Her masalın bir kahramanı vardı ve ben hep o kahraman olmak istedim. Onlarmışcasına anlattım hikayelerimi ama sonunda gördüm ki o kahramanlar sadece masalların kahramanları ve onların gerçek hayatla hiç ama hiç alakası yokmuş. Anladım, geç oldu ama sonunda anladım. Ama vazgeçemem o çocuksu masalardan onlar çok farklı manalar ve anlamlar içerir çoğu zaman sadece anlattığın kişi onu bilir ve öylece saklı kalır içinde ve zamanla ne o masallar kalır geriye nede onu dillendiren kişiler. Aptalca ve aşırı derecede masumane olan öykülerin içlerinde derin manalar yatar anlıyan kişi için ama anlamıyana sadece sıkıntı verir ve çoğu zamanda uykusunu getirir, masalları çözümlemek zordur.

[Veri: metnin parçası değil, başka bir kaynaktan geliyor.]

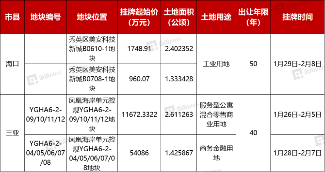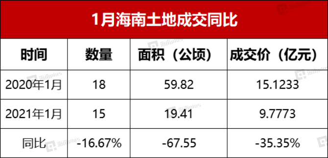 1月,海南共挂牌出让31宗地,总面积107.3958公顷;共成交15宗地,总面积19.4128公顷,9.7773亿元。

Sana bir masal anlatayımda oku. Bu anlatıcağım karakter bir kahraman değil aslında olamadı ama olmayı çok isteyen bir kahraman olma yolunda mücadele veren ve inanılmaz bir darbeyle masallardan elini ayağını çeken bir karakterin öyküsü internette dolanan bir masal belki okumuşsunuzdur. Neyse masal şöyle birşey idi.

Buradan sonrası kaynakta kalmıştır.